The playwrights both clutched their stomachs and leaned forward, chuckling at their own comic genius.
When their play ended, the boys stood for synchronized bows. A spotlight drowned them as the crowd of students, teachers and a smattering of parents roared its approval. Scurrying off the stage, Paul and Josh exchanged excited whispers before they collapsed back into their seats and grinned wildly.
Wall feeds off the enthusiasm of these little playwrights. She does not know if she will teach WiseWrite next year, but days like this make her want to return.
Moving down the aisle, Wall clung to a spot near Thompson's students.
Paul told her that Corteze, like several students, could not attend the festival. His behavior was too bad.
Wall had wanted him to be there, to at least see what he could aspire to. Maybe it would have made him want to write.
An urgency crept into her voice as she leaned into Paul.
"Give Corteze a message," she said. "Tell him we hope that someday he'll write. And someday we hope to work with him."
Wingtips and wondering
James, not fully recovered from the disappointment of failing to have his play chosen, stood at the front of the line leading out of the theater.
He was wearing a man's silver sportscoat, a man's black pants and a man's black wingtips, all of which were too large for him. His father let him wear them for the big day.
His face was serious, even somber. He was not talking much.
But he was there.
Wall's stars made it, too. Roland, who had joined Ellis and Keyonna on stage earlier in the day, tugged at Wall in the theater lobby afterward.
Me and Ellis is gonna keep writing plays and keep sending 'em to The Rep," Roland said.
He thrust his golden WiseWrite program toward Wall and asked for the phone number of the theater. She bent down to give him the number, then touched him on the shoulders.

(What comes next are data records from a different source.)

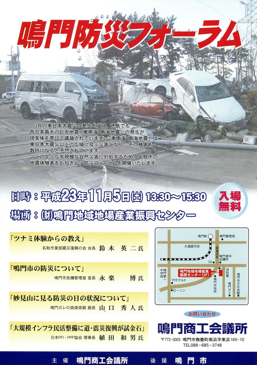11月5日、鳴門にて防災フォーラム。カジノで財源確保を//.
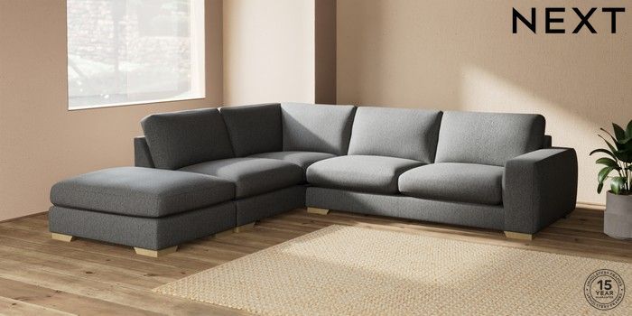 7.2.10 Houghton Deep Sit Large Open End Corner Chaise - Left Hand Tweedy Chenille Dark Grey Large Square Angle - Light | Made Click here to use our website with more accessibility support, for example screen readers
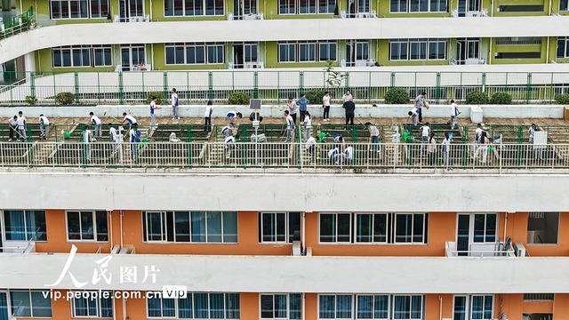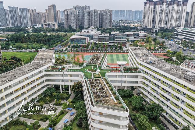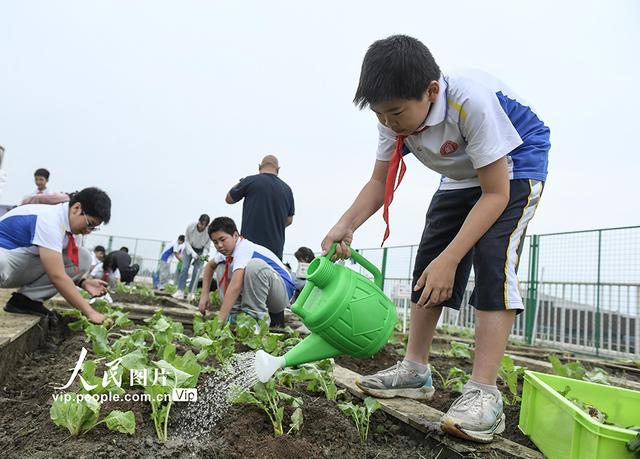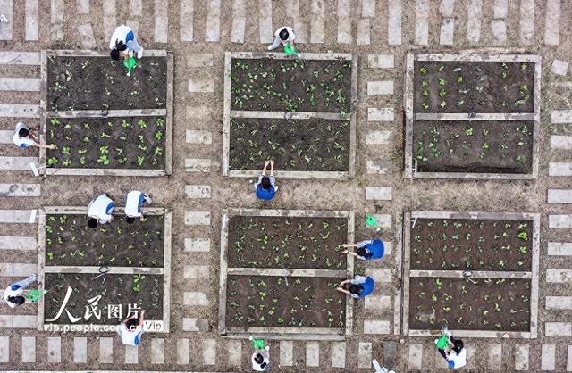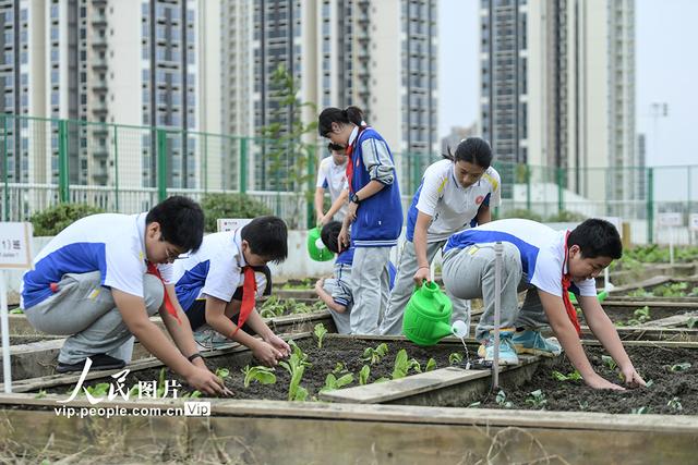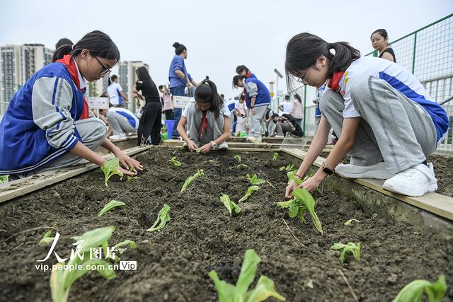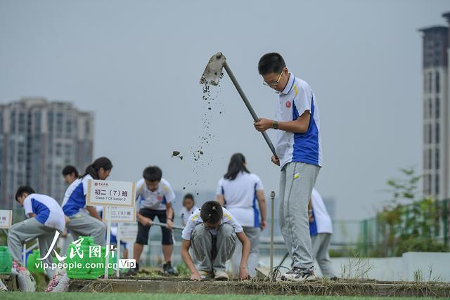 2025年9月30日,四川省成都市中和中学初中部安和校区的学生在教学楼楼顶“空中农田”开展秋季蔬菜播种劳动实践活动。 该校“空中农田”建于2021年,每个班级管理一块“责任田”,让学生和家长共同参与播种管理。李向雨摄(人民图片网)

Wall straightened up, still reaching out to touch each little body that passed her. Wall was too excited to remember each face. Later she would piece together who was there and who was not.
She watched the last of her playwrights file toward their buses.
"Bye, bye, guys."
When the last one left, Wall exhaled loudly.
Then she laughed.
"I am just ecstatic. Watching the kids' faces onstage is just everything."
Her eyes creased as she surveyed the now-quiet theater.
"I regret that some of the kids aren't here. That's kind of sad when you see that."
Despite a six-month struggle to engage her fifth-grade writers, satisfaction washed over Wall.
"When I see what happened," Wall said, "I just go crazy for it. But you know that was the end product, that was the end day. And you know . . . it is just so unbelievably hard."
Wall will attend the graduation of the fifth-graders in June. But she wishes she could continue working with the students to show them how to transform their confusion and anger into drama.
"Years from now, I'd love to find out which of these kids really did become a playwright," Wall said. "I would love to go back to them next year. I'd love to see what's going on with Corteze."